To maintain its independence and transparency, Future Forward has adopted a funding model that depends solely on contributions from its members and supporters. The party aims to gather 350 million baht from its members and the public to support its campaign in the 2019 general election.

Thanathorn, with his business background, youthful image, and political perspectives, has attracted international media attention, drawing comparisons to leaders like French President Emmanuel Macron and Canadian Prime Minister Justin Trudeau. In Thailand, media often labels him as the "billionaire commoner," highlighting his role in challenging the country's social class system. Additionally, he has gained a unique following among young female supporters, who humorously refer to him as "Daddy."
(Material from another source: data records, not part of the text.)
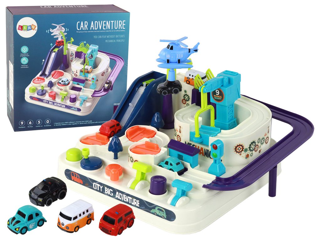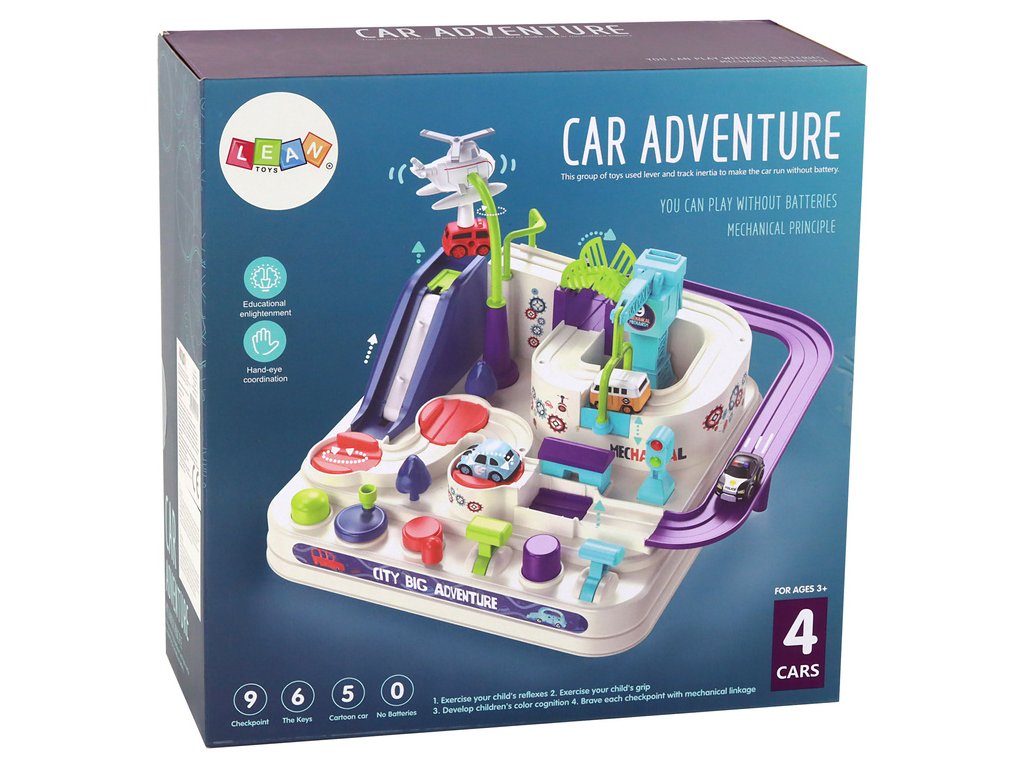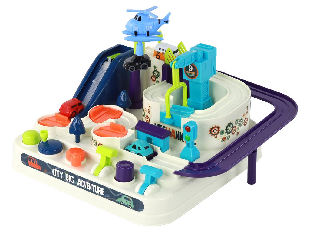 Překážková dráha byla navržena tak, aby rozvíjela dětskou zručnost a kreativitu. Vybavený tlačítky a knoflíky umístěnými na desce, umožňujícími manuální ovládání, dělá z každého sestupu nejen potěšení, ale i výzvu. Batole může řídit jedno ze 4 autíček obsažených v sadě, překonávat různé překážky, měnit směr jízdy a prozkoumávat fascinující trať.
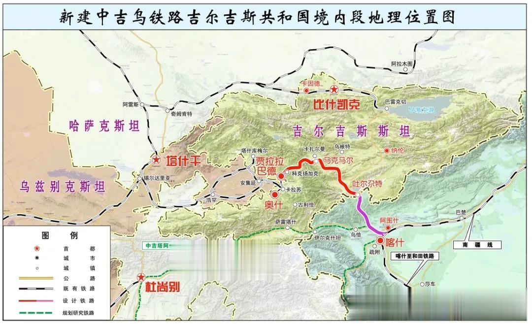 中吉乌铁路采用“准轨+宽轨”分段模式,从我国新疆喀什经吐尔尕特出境到吉国境内的马克马尔路段,采用准轨铁路(1435毫米),从马克马尔经贾拉拉巴德到安集延路段,采用宽轨铁路(1520毫米)。准轨宽轨换装场设在吉国的马克马尔,吉国将在此打造面向中国-中亚的内陆港。
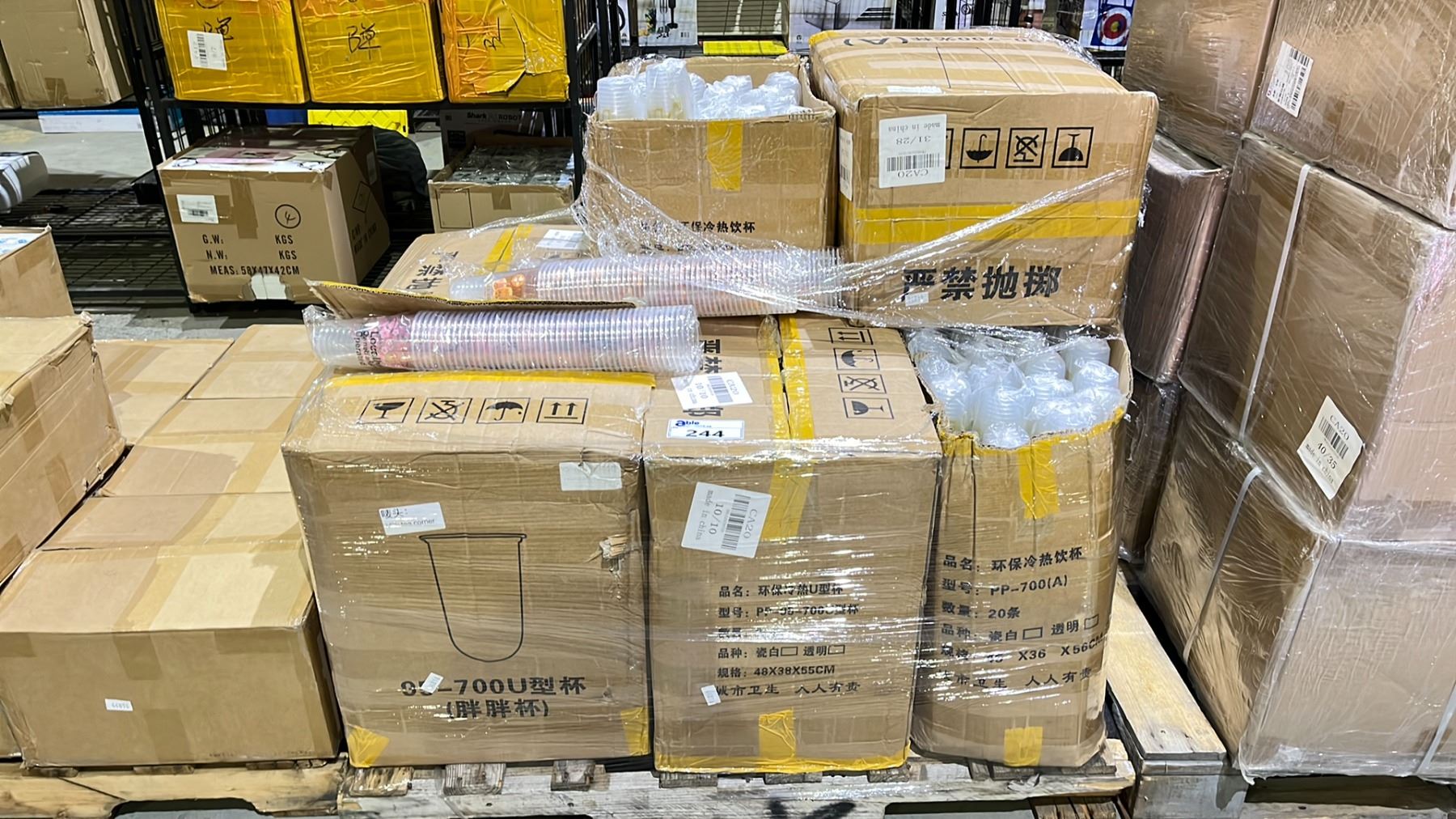 PALLET OF PLASTIC DISPOSABLE CUPS
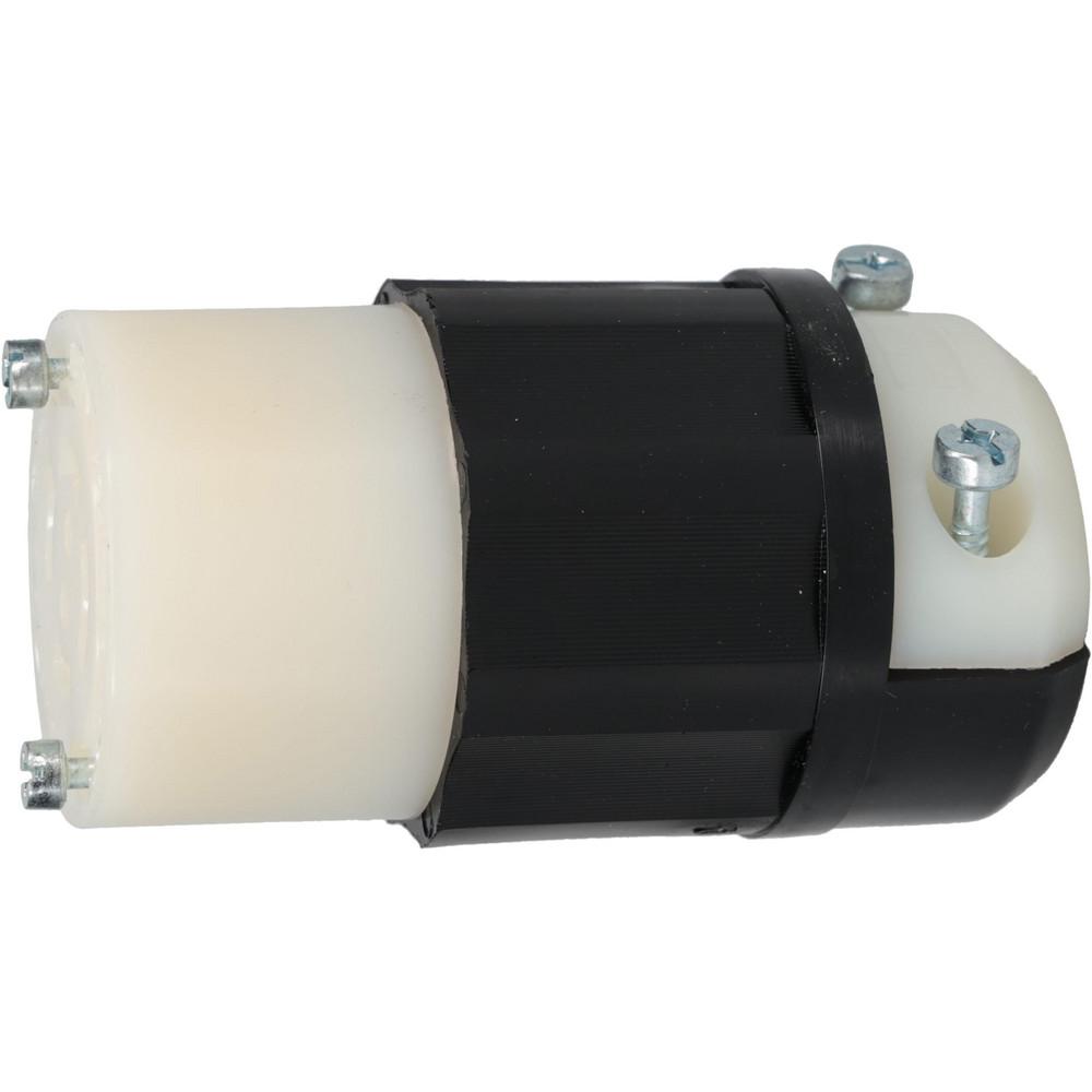 Locking Inlet: Connector, Industrial, L16-20R, 480V, Black & White 480 VAC 20A NEMA L16-20R Industrial Twist Lock Connector 3 Poles, 4 Wires, 3 Phase, Self-Grounding, 0.595 to 0.895" Cord Diam, Black/White
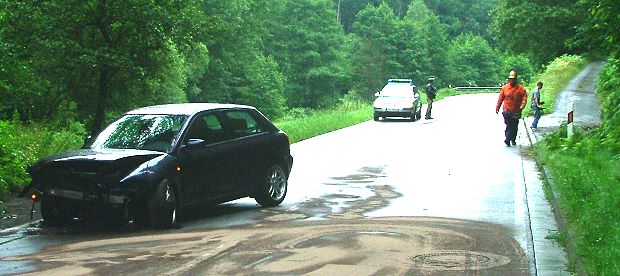 Zu schnell bei Regen - Totalschaden und ein Leichtverletzter (Foto:Richter)(hr) Nicht angepasste Gesschwindigkeit auf regennasser Fahrbahn war offenbar die Ursache für einen Verkehrsunfall heute gegen 16.30 Uhr auf der L 595. Aus Richtung Allemühl kommend geriet ein 22-jähriger Eberbacher mit seinem Audi nach einer Linkskurve ins Schleudern. Der Wagen prallte kurz vor dem Ortseingang Pleutersbach frontal an die bergseitige Böschung und kam total beschädigt auf der Straße zum Stehen. Der Fahrer verletzte sich leicht. Den Sachschaden schätzt die Polizei auf rund 6.000 Euro.
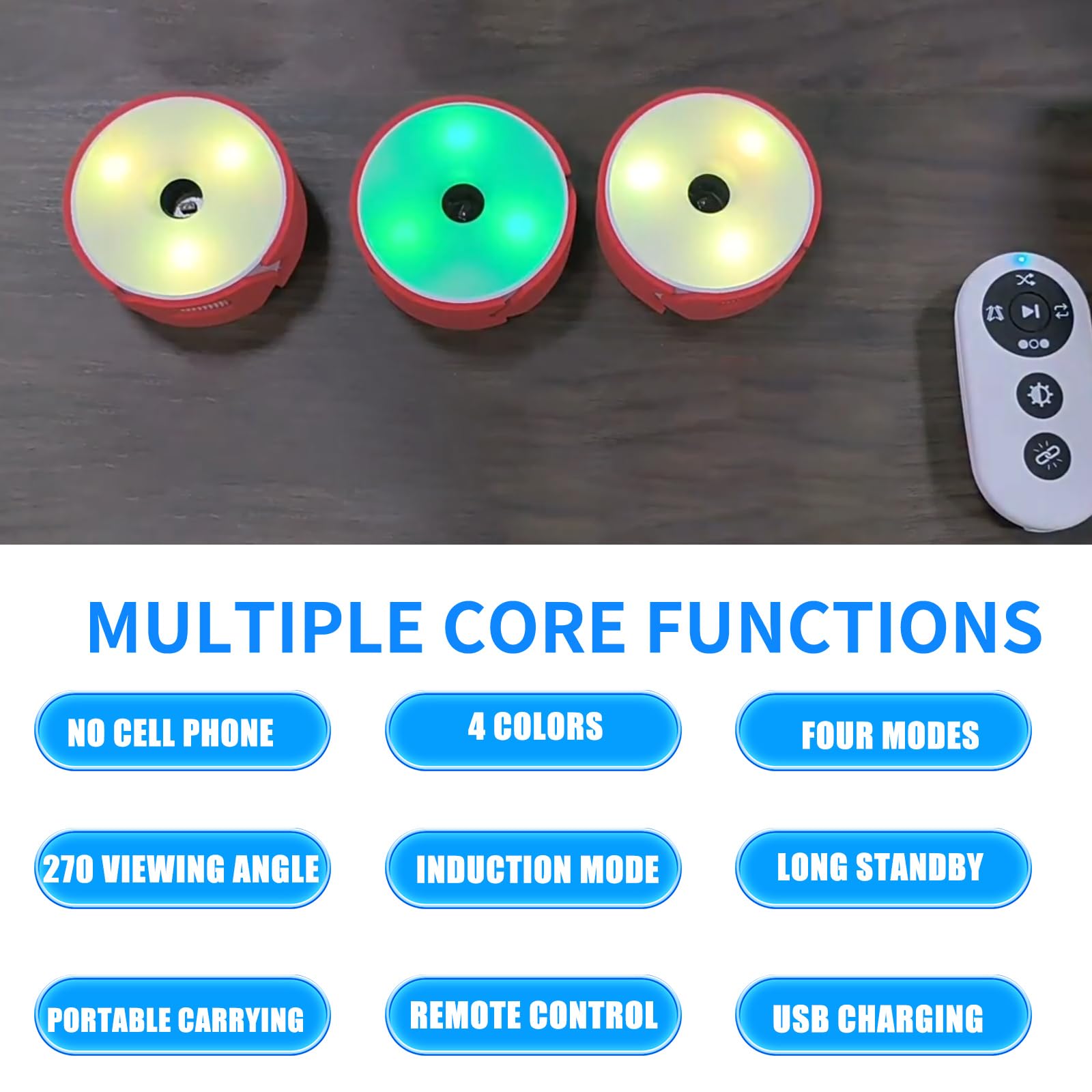 Package includes: 3*Agile Reaction Training Lamp, 1*remote control, 1*instruction manual, 1*USB charging data cable, 1*magnetic iron sheet with adhesive backing

Regarding legal matters, Thanathorn, along with Jaruwan Sarankate and Klaikong Vaidhyakarn, senior members of his party, faced charges under the Computer Crime Act. This stemmed from a complaint by a member of the National Council for Peace and Order (NCPO) regarding their Facebook Live broadcast on 29 June 2018, allegedly disseminating false information or content detrimental to national stability.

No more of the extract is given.